Database sharding is the process of splitting up a database across multiple machines to improve the scalability of an application. The justification for database sharding is that after a certain scale point it is cheaper and more feasible to scale a site horizontally by adding more machines than to grow it vertically by adding beefier servers.

Why Shard or Partition your Database?

Let's take as an example. In early 2004, the site was mostly used by Harvard students as a glorified online yearbook. You can imagine that the entire storage requirements and query load on the database could be handled by a single beefy server. Fast forward to 2008 where just the Facebook application related page views are about 14 billion a month (which translates to over 5,000 page views per second, each of which will require multiple backend queries to satisfy). Besides query load with its attendant IOPs, CPU and memory cost there's also storage capacity to consider. Today Facebook stores 40 billion physical files to represent about 10 billion photos which is over a petabyte of storage. Even though the actual photo files are likely not in a relational database, their metadata such as identifiers and locations still would require a few terabytes of storage to represent these photos in the database. Do you think the original database used by Facebook had terabytes of storage available just to store photo metadata?

At some point during the development of Facebook, they reached the physical capacity of their database server. The question then was whether to scale vertically by buying a more expensive, beefier server with more RAM, CPU horsepower, disk I/O and storage capacity or to spread their data out across multiple relatively cheap database servers. In general if your service has lots of rapidly changing data (i.e. lots of writes) or is sporadically queried by lots of users in a way which causes your working set not to fit in memory (i.e. lots of reads leading to lots of page faults and disk seeks) then your primary bottleneck will likely be I/O. This is typically the case with social media sites like Facebook, LinkedIn, Blogger, MySpace and even Flickr. In such cases, it is either prohibitively expensive or physically impossible to purchase a single server to handle the load on the site. In such situations sharding the database provides excellent bang for the buck with regards to cost savings relative to the increased complexity of the system.

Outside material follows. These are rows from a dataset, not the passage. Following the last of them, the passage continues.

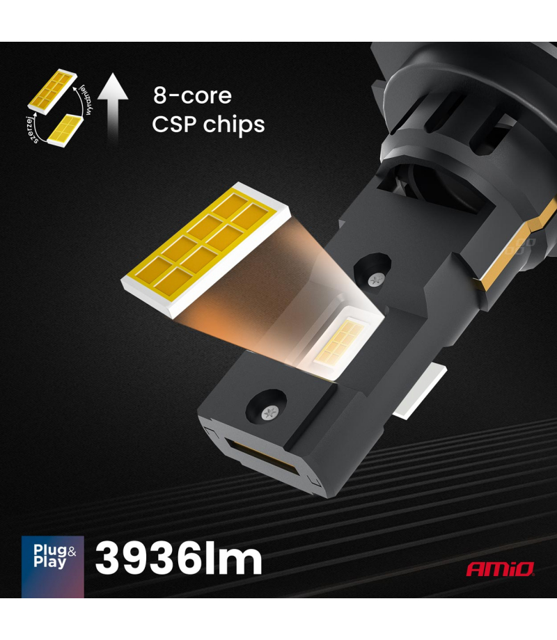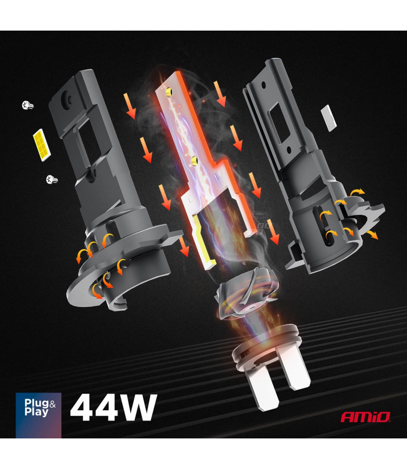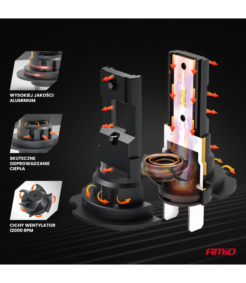 ŻARÓWKI LED AMiO X4 AVIATOR IDEALNIE DOPASOWANE 1 DO 1 Rozmiar jest taki sam jak standardowej żarówki. Zamiennik żarówki H7/H18 Idealnie dopasowany model - zapomnij o problemach z montażem, przeróbkach, nie zamkniętych parujących reflektorach, przycinaniu obudowy i adapterach. W budowie zastosowano takie materiały jak aluminium i miedź, zapewnia wyjątkową żywotność i skuteczne odprowadzanie ciepła Optymalna geometria i rozmieszczenie diód...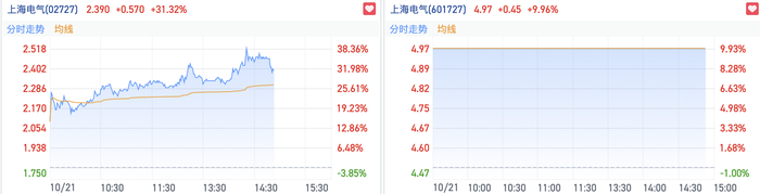 财联社10月21日讯 受并购重组热度驱动,今日上海电气(601727.SH;02727.HK)AH股双双跳涨。截至发稿,上海电气A股涨停封板,H股大涨逾30%,成交超8亿港元。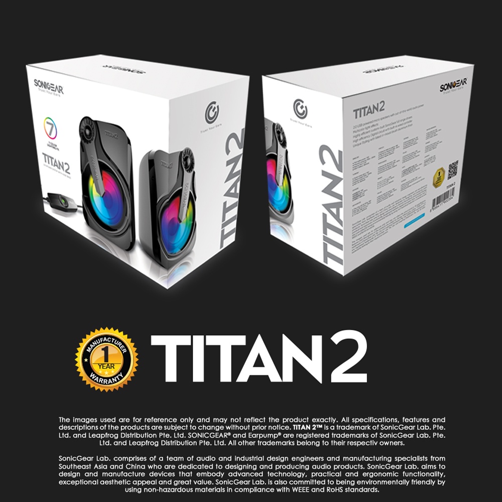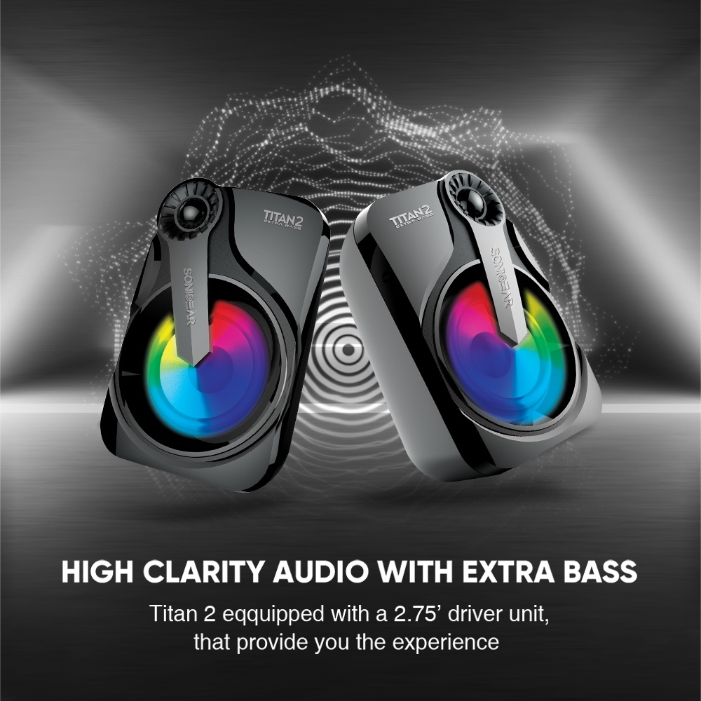 SonicGear Titan 2 Portable 2.0 Speaker with Volume Control | 7 Color Lighting FX | 1 Year Warranty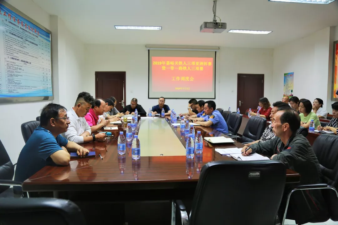 7月2日上午,嘉峪关体育总会、中铁协、卫健委等各部门联合召开2019年嘉峪关铁人三项亚洲杯赛暨“一带一路”铁人三项赛调度会,统筹安排赛事相关事项,力争安全、顺利、优质的推进赛事圆满完成。

Now that we have an understanding of when and why one would shard a database, the next step is to consider how one would actually partition the data into individual shards. There are a number of options and their individual tradeoffs presented below – Pseudocode / Joins

How Sharding Changes your Application

In a well designed application, the primary change sharding adds to the core application code is that instead of code such as

//string connectionString = @"Driver={MySQL};SERVER=dbserver;DATABASE=CustomerDB;"; <-- should be in web.config
string connectionString = ConfigurationSettings.AppSettings["ConnectionInfo"];          
OdbcConnection conn = new OdbcConnection(connectionString);
OdbcCommand cmd = new OdbcCommand("SELECT Name, Address FROM Customers WHERE CustomerID= ?", conn);
OdbcParameter param = cmd.Parameters.Add("@CustomerID", OdbcType.Int);
param.Value = customerId; 
OdbcDataReader reader = cmd.ExecuteReader(); 

the actual connection information about the database to connect to depends on the data we are trying to store or access. So you'd have the following instead

string connectionString = GetDatabaseFor(customerId);          
OdbcConnection conn = new OdbcConnection(connectionString);
OdbcCommand cmd = new OdbcCommand("SELECT Name, Address FROM Customers WHERE CustomerID= ?", conn);
OdbcParameter param = cmd.Parameters.Add("@CustomerID", OdbcType.Int);
param.Value = customerId; 
OdbcDataReader reader = cmd.ExecuteReader(); 

the assumption here being that the GetDatabaseFor() method knows how to map a customer ID to a physical database location. For the most part everything else should remain the same unless the application uses sharding as a way to parallelize queries. 

A Look at a Some Common Sharding Schemes

There are a number of different schemes one could use to decide how to break up an application database into multiple smaller DBs. Below are four of the most popular schemes used by various large scale Web applications today.

  1. Vertical Partitioning: A simple way to segment your application database is to move tables related to specific features to their own server. For example, placing user profile information on one database server, friend lists on another and a third for user generated content like photos and blogs. The key benefit of this approach is that is straightforward to implement and has low impact to the application as a whole. The main problem with this approach is that if the site experiences additional growth then it may be necessary to further shard a feature specific database across multiple servers (e.g. handling metadata queries for 10 billion photos by 140 million users may be more than a single server can handle).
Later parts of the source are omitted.